Each year, the Centers for Medicare & Medicaid Services update various payment systems under the traditional Medicare program (paid). This regulatory season is more entertaining than most as it offers a glimpse of the first concrete policy positions on Medicare from the new Biden administration.
Of particular interest is how the new administration intends to reconcile regulatory data requirements with compromised 2020 information from the COVID-19 public health emergency. Both Harvard and Yale have questioned the integrity of the 2020 data. In some cases, CMS has chosen not to use the 2020 data, and in some cases it has, which has created winners and losers this regulatory season.

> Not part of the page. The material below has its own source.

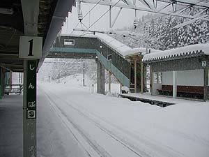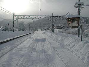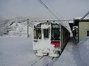 車で駅まではほんの数分。送って下さった宿の方にお礼を言って待合室に入りますが、無人駅ゆえ暖房もなく寒いです。こりゃ列車が来なかったらしんどいなぁと思いますが、雪の降り方が強まる中、列車はほんの数分遅れで無事やって来ました!すごいぞJR!(と、この時はそう思っていました)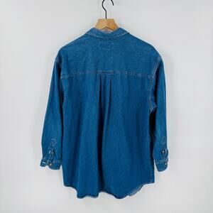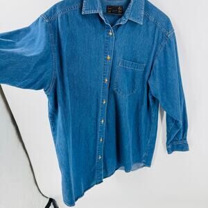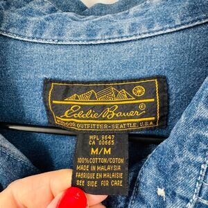 Vintage Eddie Bauer Denim Shirt Long Sleeve Size M Medium Classic Closet Staple

The winners – American hospitals
On April 27, CMS has published 1,914 pages of new proposals for Acute Care Hospitals or “STACH”. In a typical year, CMS proposes to use data two years old for future payout rates. However, in this year’s proposal, CMS opted to use 2019 data instead of COVID 2020 data. CMS concluded that the COVID pandemic caused different usage patterns in hospitals in 2020, making the data unusable.
CMS observed that STACH admissions fell 14% in 2020, compared to 2019. Hip and knee replacements have dropped 40%, and respiratory infections increased 133%. For STACH, CMS concluded that the 2020 data is an anomaly and should be treated as such. It should not be used to adjust future Medicare payments. But CMS has decided that COVID data should be used in other payment settings – making STACH the lucky ones, the winners.
The Losers – Skilled Nursing Facilities
On April 8, CMS has published 203 pages of new proposals for Qualified Nursing Facilities or “SNFs”. For SNFs, CMS observed similar gremlins in COVID data as it did for STACH. In 2020, SNF entries decreased 25%, and readmissions have dropped 26%. There were a large number of cases among shifts within readmissions, including a 18% increase in dual eligibility and a 9% increase in African American populations.
In any case, it was not a typical year. CMS considered using 2019 and 2020 data and ultimately decided to use 2020 data – only after it was deleted ten% the patient population that included a COVID-19 code, and 15% SNF stays that used a COVID exemption. These COVID exclusions plus the drop in total SNF admissions equals 50%. CMS proposed to use only half of the data it normally uses in a given year.
These data integrity issues certainly raise several red flags, but data usage 2020 is particularly bad for SNFs – which arguably have the most at stake. In 2020, CMS launched a new payment system for SNFs called Patient Driven Payment Model or “PDPM”. By law, CMS must maintain annual budget neutrality, which means that CMS cannot spend more or less than it is planned to spend in any given year. If CMS misses the target, it must recover an overpayment or spend more money in a year to come. Using data from 2020, CMS concluded that PDPM overpaid by 5% in 2020 and asked for feedback on how best to retrieve a $ 1.7 billion overpayment. This is bad news for the FNS, which makes them losers this regulatory season.
Most researchers, including your author, would conclude that CMS should have a consistent policy across its payment systems. The CMS data provided in the STACH and SNF regulations strongly suggest that the 2020 data should not be used for payment purposes. These policy changes reflect the proposals. Right now, we can all weigh in on CMS and urge it to change course. We don’t have long, as comments on the SNF’s proposals are due on June 7. Submit your comments and urge CMS to ensure parity in all of its payment systems. SNFs should be treated the same as hospitals when it comes to COVID data adjustments.
Lisa Grabert is a research professor at Marquette University and a former Congressional Assistant to the House Ways & Means Committee, where she was the lead author of Medicare Hospitals and Qualified Nursing Facilities legislation.